Man könne zwar auch nicht alle Entwicklungen mit Datenauswertung und Algorithmen abbilden, sagt Baumgartner. Eine Tour durch das Depot im Norden Berlins macht aber deutlich, wie aus Amazons über Jahre eingespielter Logistik-Effizienz und dem von Konzernchef Jeff Bezos gebetsmühlenartig eingeforderten Fokus auf den Kunden tatsächliche Konkurrenz für deutsche Supermarktketten entstehen kann. Dabei ist die Fresh-Halle mit ihren 12 000 Quadratmetern nur so groß wie ein einzelner weiträumiger Supermarkt.

Frisches Brot wird direkt zur Auslieferung der Bestellung aufgebacken. Genauso der Wurstaufschnitt, bei dem man die Dicke der Scheiben auswählen kann. Die rund zwei Dutzend lokalen Händler, deren Produkte auch über Fresh vertrieben werden, liefern täglich an einen zentralen Sammelpunkt, von dem die Ware dann ins Depot gebracht wird.

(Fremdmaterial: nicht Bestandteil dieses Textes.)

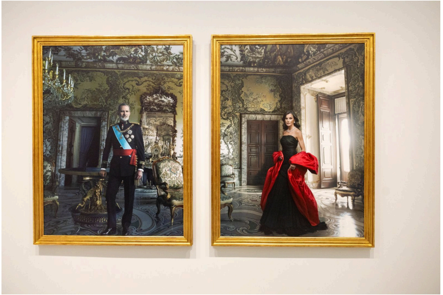
Retratos de los reyes Felipe VI y doña Letizia realizados por Annie Leibovitz, 2024

1 Presenta el documento y después presenta y describe a los perosnajes.
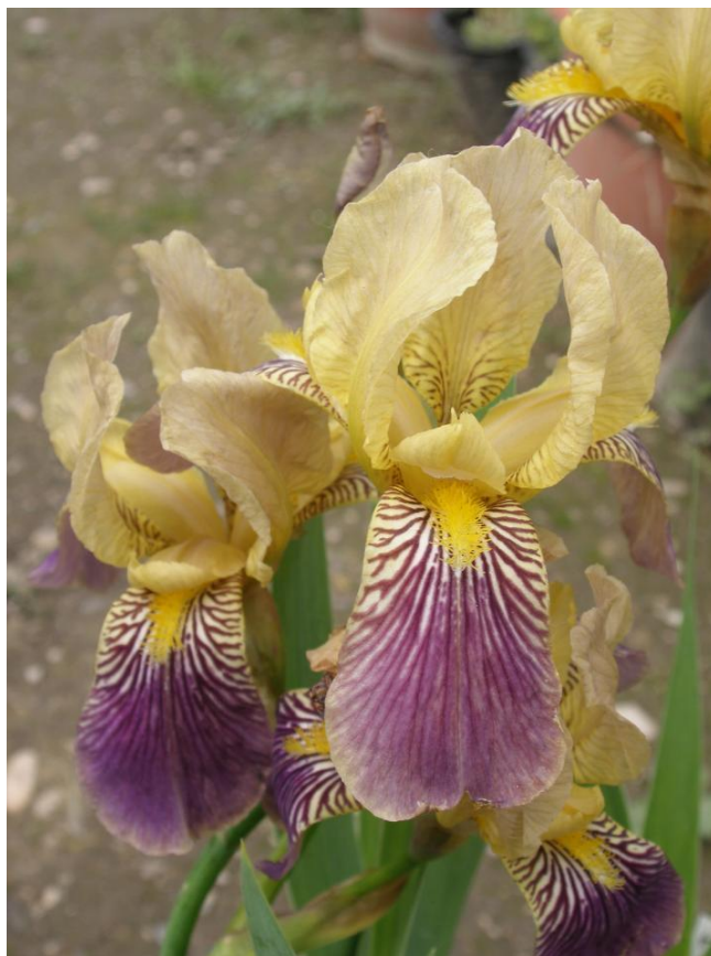
Slika 11. Iris rotschildii (Rotshildova perunika)

Rotshildova perunika je jedini prirodni samonikli križanac perunike u flori Hrvatske (Degen, 1936.). Roditeljske vrste su joj ilirska perunika ( Iris illyrica ) i šarena perunika ( Iris variegata ), što se vidi i po njenom izgledu u kojem su objedinjene značajke obaju roditelja. Ova perunika također ima podzemnu stabljiku (rizom), visinom je slična roditeljskim vrstama, uspravna stabljika visoka je do 40 cm, te nosi nekoliko šarenih cvjetova (boju su dobili od oba roditelja). Listovi su srpasto savijeni, široki 1-3 cm, nježni kao kod ilirske perunike, ali s izraženim žilama kao kod šarene perunike. Ovojni listovi (spate) su pri dnu zeleni kao kod šarene perunike, no pri vrhu suhi kao kod ilirske perunike. Vanjski listovi perigona su ljubičastožućkasti, a unutrašnji mutno žuti ili svijetlo ljubičaste boje. Čak i režnjevi tučka pokazuju značajke obaju roditelja, po sredini su žuti, a po rubovima ljubičasti. „Brada“ je uglavnom žuta. Prirodni križanac ilirske perunike ( Iris illyrica ) i šarene perunike ( Iris variegata ) raste na Srednjem Velebitu, na vrhovima iznad Karlobaga (Mitić i Cigić, 2009.).
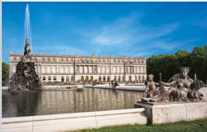
Fachada del Palacio Real de Herrenchiemsee, estanque del norte con Fuente de Fama
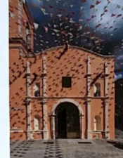
F-01 VISTA GENERAL FACHADA PONENTE, ACCESORIAL, FACHADA A BASE DE 2 CUERPOS, Y UN REHATE EN ARCO. SE APPRECA TAMBIEN EL UNICO CAMPANARIO.
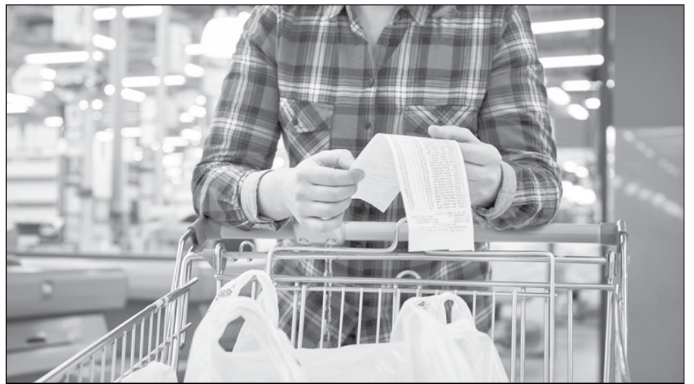
Преди Коледа и Нова година:

„Чакаме да свърши украинското зърно. Няма лошо – нека да го продават, но то е произведено при съвсем други разходи, без изпълняване на изискванията на Европейския съюз. То е по-евтино. Там ползват торове, които не плащат въглероден данък, съответно далеч по-евтини. Няма как ние да бъдем конкурентни на един и същи пазар. Това не е икономическа среда за нас. Враждебна е“, обобщава Проданов.

Noch sei es viel zu früh dafür, um einen Umbruch im deutschen Lebensmittelhandel zu erkennen, sagt Marktexperte Thomas Täuber von der Unternehmensberatung Accenture. Aber: "Amazon hat gezeigt, dass das Modell in den ausgewählten Regionen gut funktioniert und damit die Richtmarke für die Lebensmittelhändler wie REWE, Edeka, Aldi oder Lidl gesetzt", betont er. "Die müssen sich jetzt noch intensiver Gedanken machen, wie sie ihre Vorteile ausspielen können."

Die Rivalen in Deutschland, die lange Zeit hatten, sich auf den Start von Amazon Fresh vorzubereiten und eigene Online-Angebote starteten, hätten dem US-Giganten auch einiges entgegenzusetzen. "Sie haben die Kundenbindung in der gesamten Fläche, sie haben die Infrastruktur und Logistik und wenn sie das clever kombinieren mit neuen Flächenkonzepten, haben sie sehr wohl eine gute Chance, ihren Anteil am Markt zu sichern", sagt Täuber. Er rechnet damit, dass immer mehr Kleinflächen-Märkte in zentralen Lagen entstehen, die die Online-Welt integrieren - zum Beispiel indem man online zusammengestellte Warenkörbe abholen kann. "Aber sie werden im reinen Online-Kanal wahrscheinlich nie die 85 000 Produkte und das Serviceniveau von Amazon erreichen", schränkt der Experte zugleich ein.

Im Heimatmarkt USA machte Amazon vor kurzem Schlagzeilen mit der fast 14 Milliarden Dollar schweren Übernahme der auf hochwertige und entsprechend teure Lebensmittel spezialisierten Ladenkette Whole Foods Market. Der Großteil ihrer 461 Geschäfte ist in den USA, aber 9 liegen mit Großbritannien auch in Europa. Wäre das auch ein Weg für Deutschland? Amazon-Manager Baumgartner weicht aus - derzeit gehe es darum, hier das Fresh-Konzept zum Laufen zu bringen.

Im Moment müssen Kunden in Deutschland zunächst noch überzeugt werden, dass die online bestellten Waren genauso frisch und ohne Unterbrechung der Kühlkette geliefert werden wie im gewohnten Supermarkt. Die eingehende Frischware, die zunächst komplett im Kühlbereich landet, werde von ausgebildeten Produktspezialisten begutachtet, heißt es bei Amazon. In die Liefertaschen kommen Kälteakkus oder Trockeneis bei Tiefkühlprodukten. Niemand darf die Halle betreten, ohne sich die Hände zu desinfizieren.

Rund 150 Mitarbeiter arbeiten im Fresh-Depot, etwa 75 pro Schicht. Im Tiefkühler mit seinen Minus 18 bis 22 Grad ist die Arbeitszeit auf 30 Minuten beschränkt, im Kühlbereich bei Plus 2 auf zwei Stunden. Auf einem Board am Eingang können Mitarbeiter Vorschläge und Fragen aufschreiben. Binnen zwölf Stunden soll es eine Antwort der Betriebsleitung darauf geben, sagt Schatte. Derzeit geht es unter anderem um den Wunsch nach mehr Uhren in der Halle und die Möglichkeit, dorthin eigene warme Getränke mitnehmen zu können.